Your instructions:
Go through the listing that follows and write it out exactly. Drop the pictures.

Data extract:
----
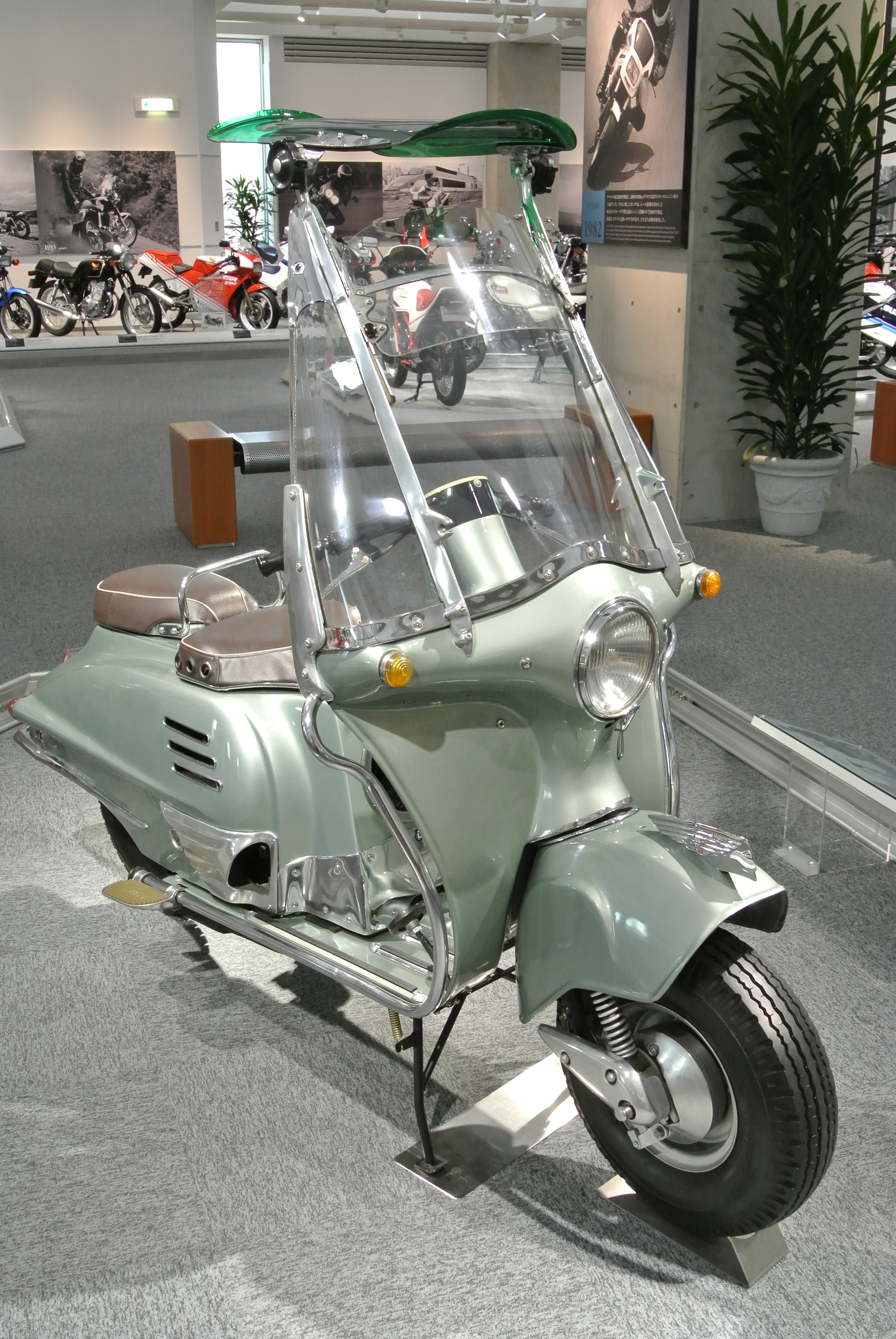 Honda JYNO in the Honda Collection Hall.
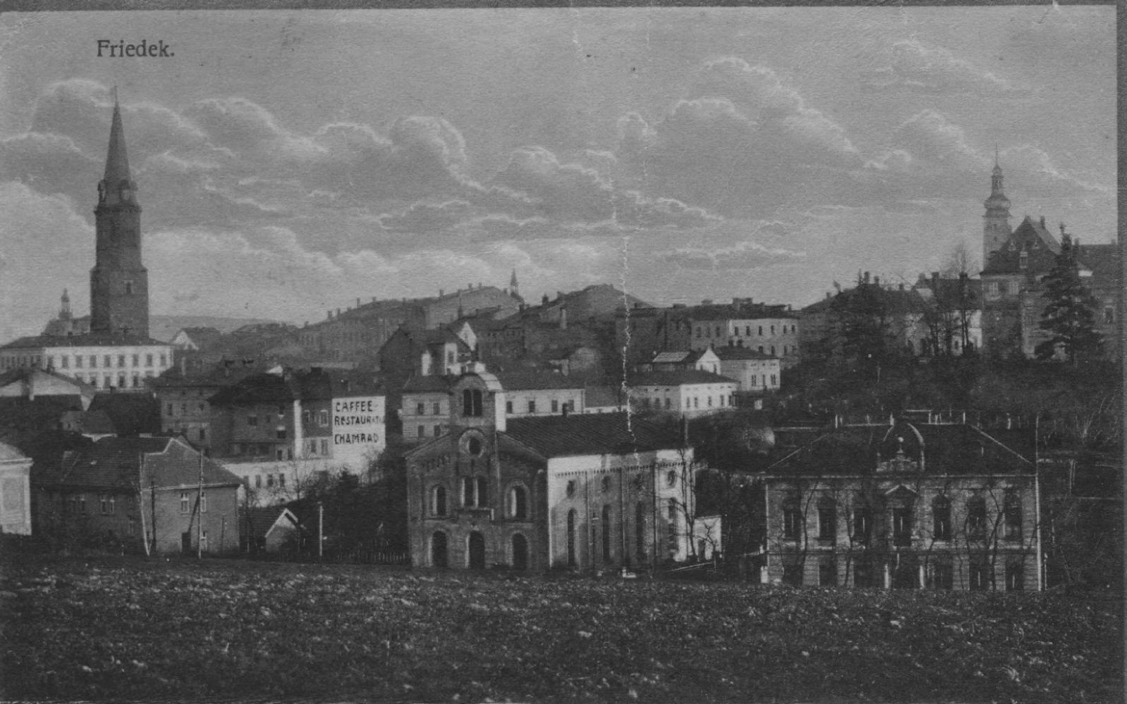 Synagogue in Frýdek (CZ) in years 1865-1939, right: jewish school, behind: Frydek castle
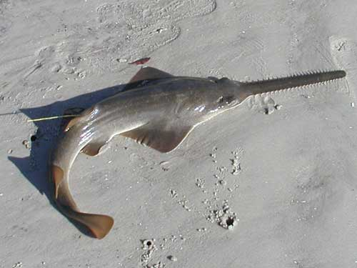 Pristis zijsron
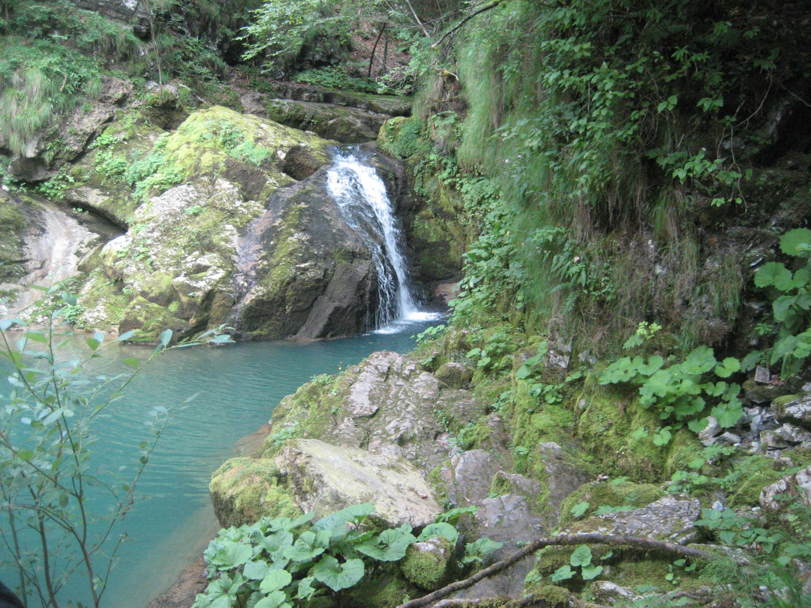 Zeleni Vir, Croatia
----
Task output:
 Honda JYNO in the Honda Collection Hall.
 Synagogue in Frýdek (CZ) in years 1865-1939, right: jewish school, behind: Frydek castle
 Pristis zijsron
 Zeleni Vir, Croatia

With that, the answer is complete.